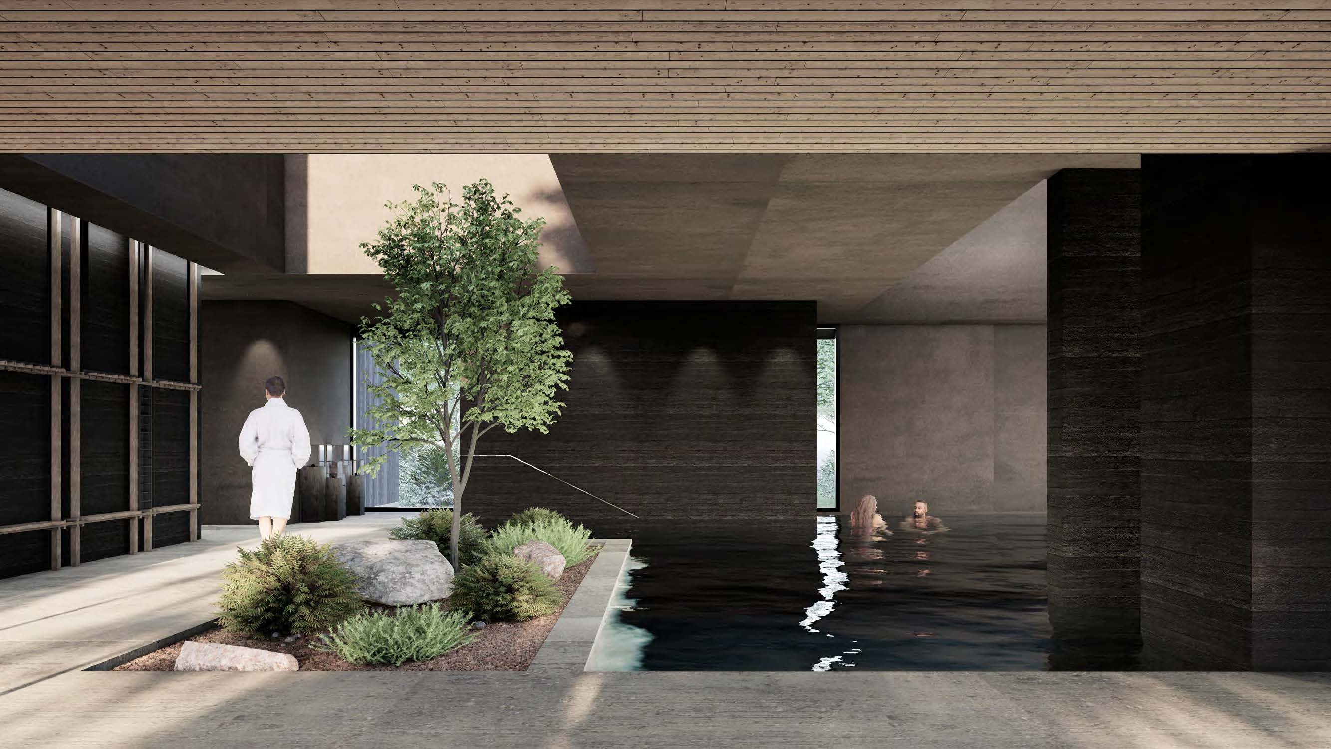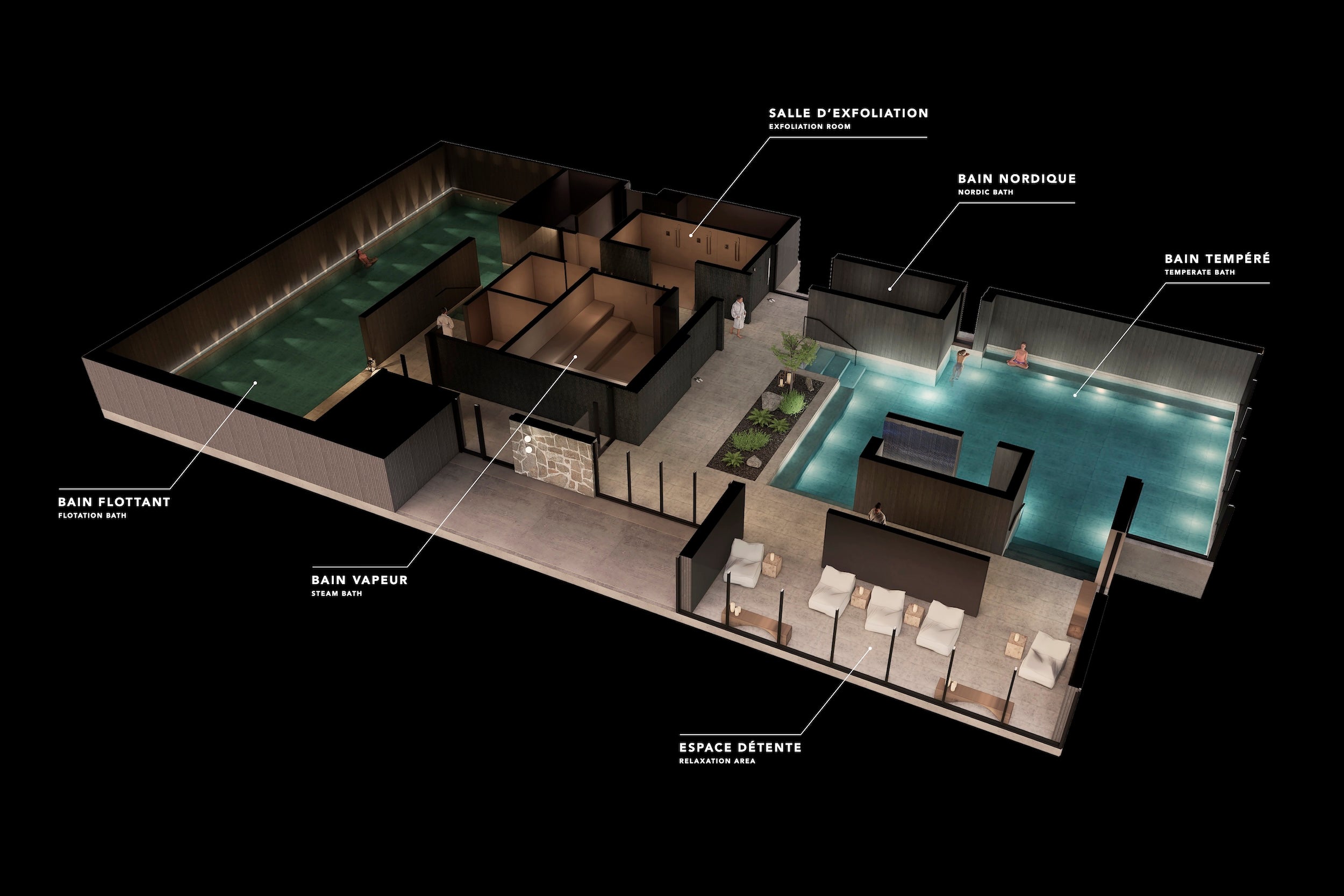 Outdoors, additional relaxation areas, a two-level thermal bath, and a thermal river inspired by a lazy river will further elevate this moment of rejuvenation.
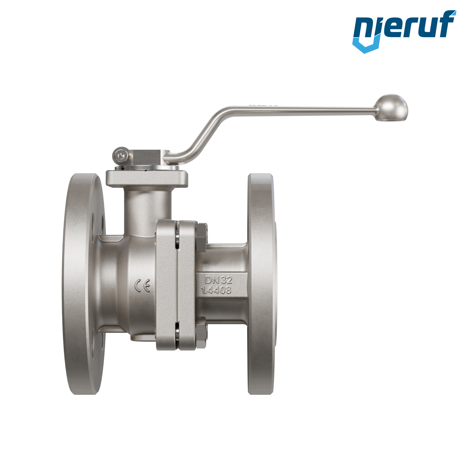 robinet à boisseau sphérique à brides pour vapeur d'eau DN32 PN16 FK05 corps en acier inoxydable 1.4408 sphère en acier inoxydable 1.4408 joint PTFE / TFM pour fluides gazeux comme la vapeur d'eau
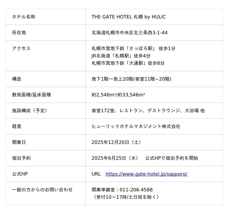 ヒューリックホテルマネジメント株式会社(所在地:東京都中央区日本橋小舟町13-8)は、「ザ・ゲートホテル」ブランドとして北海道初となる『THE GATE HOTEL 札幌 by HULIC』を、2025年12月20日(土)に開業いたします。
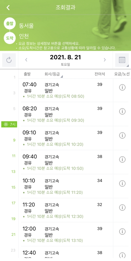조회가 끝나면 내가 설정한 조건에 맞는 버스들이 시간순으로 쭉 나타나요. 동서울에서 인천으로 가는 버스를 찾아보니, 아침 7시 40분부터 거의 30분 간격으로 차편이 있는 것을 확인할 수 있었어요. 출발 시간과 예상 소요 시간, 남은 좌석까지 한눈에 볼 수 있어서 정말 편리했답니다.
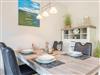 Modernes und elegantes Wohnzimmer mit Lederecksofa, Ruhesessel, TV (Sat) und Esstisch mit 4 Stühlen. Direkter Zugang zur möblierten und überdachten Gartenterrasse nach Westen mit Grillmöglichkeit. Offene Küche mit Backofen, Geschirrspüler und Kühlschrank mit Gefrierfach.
---
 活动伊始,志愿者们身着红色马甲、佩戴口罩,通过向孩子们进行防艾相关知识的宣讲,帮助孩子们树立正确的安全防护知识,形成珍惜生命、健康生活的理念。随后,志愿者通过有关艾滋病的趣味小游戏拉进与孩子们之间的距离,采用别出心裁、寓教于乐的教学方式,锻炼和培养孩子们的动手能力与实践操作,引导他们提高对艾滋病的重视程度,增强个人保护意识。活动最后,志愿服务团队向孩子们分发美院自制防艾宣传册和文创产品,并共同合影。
* * *
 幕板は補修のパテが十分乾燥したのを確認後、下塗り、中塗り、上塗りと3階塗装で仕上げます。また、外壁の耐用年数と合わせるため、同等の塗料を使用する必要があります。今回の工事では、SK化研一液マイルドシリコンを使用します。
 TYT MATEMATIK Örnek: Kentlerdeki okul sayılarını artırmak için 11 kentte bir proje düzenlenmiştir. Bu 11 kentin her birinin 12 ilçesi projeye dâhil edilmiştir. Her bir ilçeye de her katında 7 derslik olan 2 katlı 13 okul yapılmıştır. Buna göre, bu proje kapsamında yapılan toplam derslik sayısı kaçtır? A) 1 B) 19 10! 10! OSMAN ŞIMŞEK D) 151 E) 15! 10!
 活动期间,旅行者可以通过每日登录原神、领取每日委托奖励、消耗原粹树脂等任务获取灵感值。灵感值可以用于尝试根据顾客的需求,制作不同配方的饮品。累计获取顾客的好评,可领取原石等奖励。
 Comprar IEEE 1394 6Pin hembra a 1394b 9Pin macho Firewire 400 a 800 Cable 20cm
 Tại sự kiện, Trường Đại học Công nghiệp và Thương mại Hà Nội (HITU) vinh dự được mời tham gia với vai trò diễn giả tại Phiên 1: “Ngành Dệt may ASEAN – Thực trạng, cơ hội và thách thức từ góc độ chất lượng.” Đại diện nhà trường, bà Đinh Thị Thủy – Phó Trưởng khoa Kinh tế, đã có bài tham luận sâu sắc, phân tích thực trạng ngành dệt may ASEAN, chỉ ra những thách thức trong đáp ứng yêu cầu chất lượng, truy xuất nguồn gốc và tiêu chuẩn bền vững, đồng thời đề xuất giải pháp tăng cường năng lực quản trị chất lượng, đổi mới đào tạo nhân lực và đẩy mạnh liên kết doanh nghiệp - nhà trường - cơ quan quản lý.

Instructions for the task: Output exactly the lines above, from the line with "Outdoors, additional relaxation" to the line with "robinet à boisseau", both included; skip the pictures.

Task answer:
 Outdoors, additional relaxation areas, a two-level thermal bath, and a thermal river inspired by a lazy river will further elevate this moment of rejuvenation.
 robinet à boisseau sphérique à brides pour vapeur d'eau DN32 PN16 FK05 corps en acier inoxydable 1.4408 sphère en acier inoxydable 1.4408 joint PTFE / TFM pour fluides gazeux comme la vapeur d'eau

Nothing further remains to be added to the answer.